#### [EXERCISE AIM]
For this exercise, the lines from the one with "Ленъкс Люис (16" through the final line of the data below are to be transcribed exactly, and pictures are to be skipped.

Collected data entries
━━━━━━━━━━━━━━━━━━━━

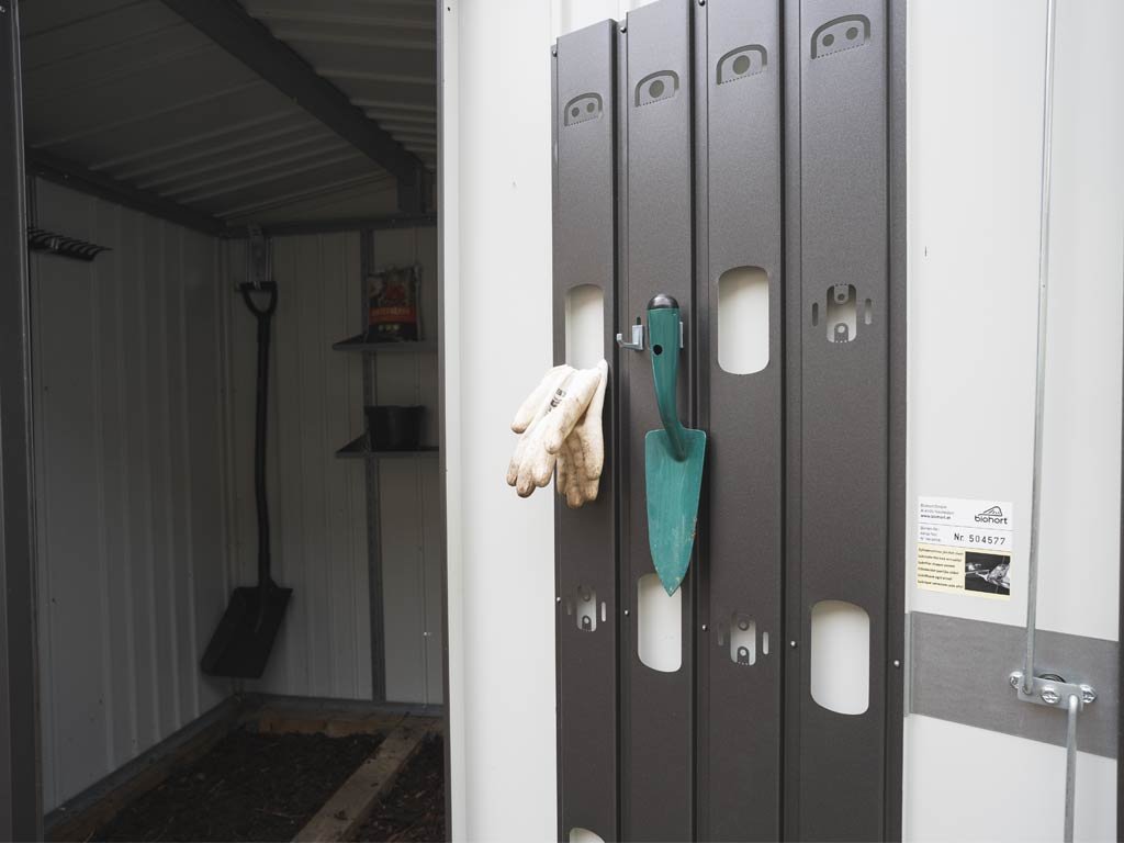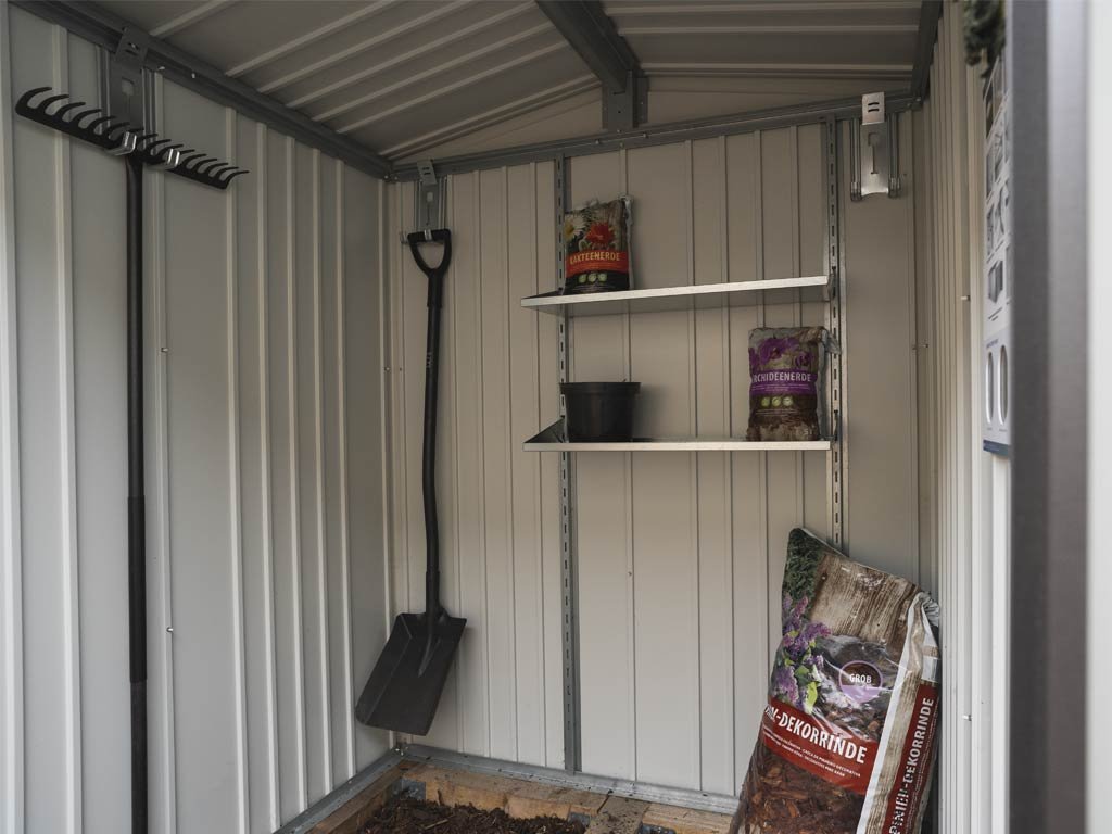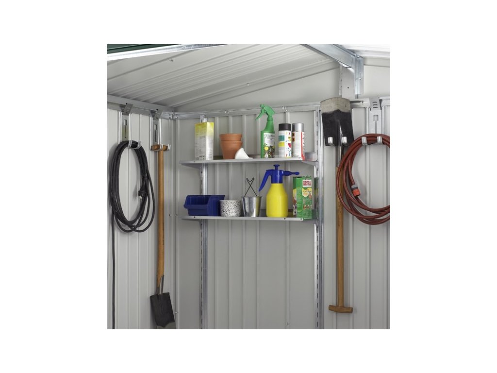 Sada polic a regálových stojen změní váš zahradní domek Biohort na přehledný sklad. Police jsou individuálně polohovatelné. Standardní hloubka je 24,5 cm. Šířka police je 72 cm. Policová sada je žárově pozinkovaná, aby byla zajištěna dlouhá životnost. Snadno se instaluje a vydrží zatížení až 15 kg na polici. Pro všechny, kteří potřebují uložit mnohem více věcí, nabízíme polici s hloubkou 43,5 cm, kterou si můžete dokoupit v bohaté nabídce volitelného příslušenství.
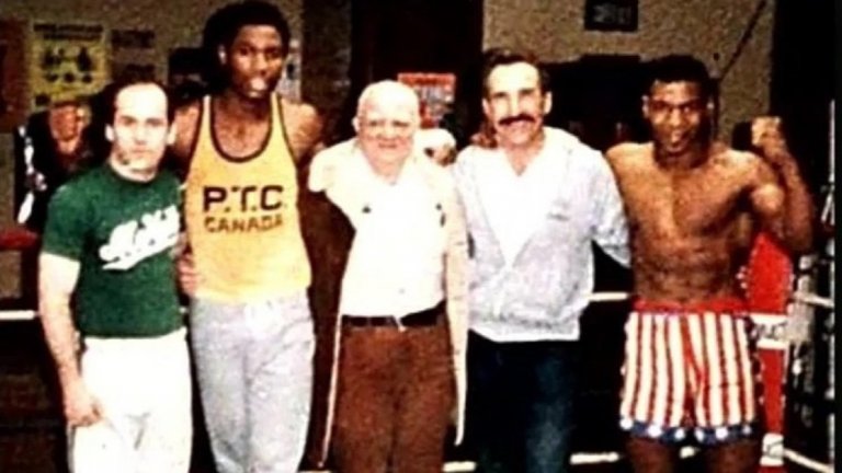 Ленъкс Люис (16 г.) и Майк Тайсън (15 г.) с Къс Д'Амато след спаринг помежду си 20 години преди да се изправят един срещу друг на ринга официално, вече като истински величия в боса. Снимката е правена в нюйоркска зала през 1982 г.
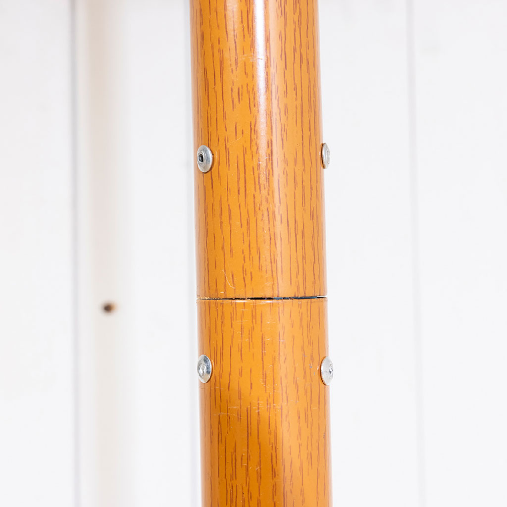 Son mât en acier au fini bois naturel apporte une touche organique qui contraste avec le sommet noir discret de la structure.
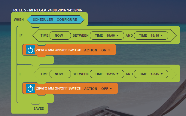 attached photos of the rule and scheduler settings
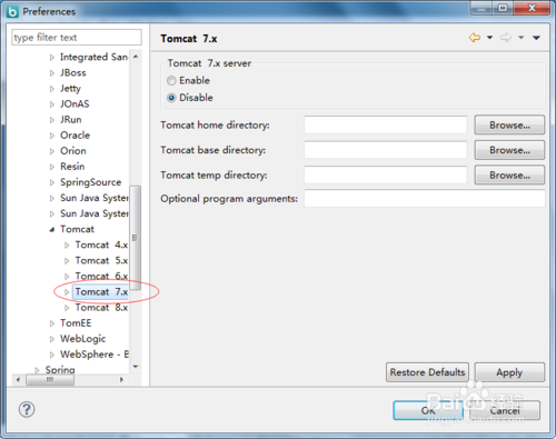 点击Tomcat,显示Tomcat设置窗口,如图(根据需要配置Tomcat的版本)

━━━━━━━━━━━━━━━━━━━━

#### [RESPONSE TO THIS TASK]
 Ленъкс Люис (16 г.) и Майк Тайсън (15 г.) с Къс Д'Амато след спаринг помежду си 20 години преди да се изправят един срещу друг на ринга официално, вече като истински величия в боса. Снимката е правена в нюйоркска зала през 1982 г.
 Son mât en acier au fini bois naturel apporte une touche organique qui contraste avec le sommet noir discret de la structure.
 attached photos of the rule and scheduler settings
 点击Tomcat,显示Tomcat设置窗口,如图(根据需要配置Tomcat的版本)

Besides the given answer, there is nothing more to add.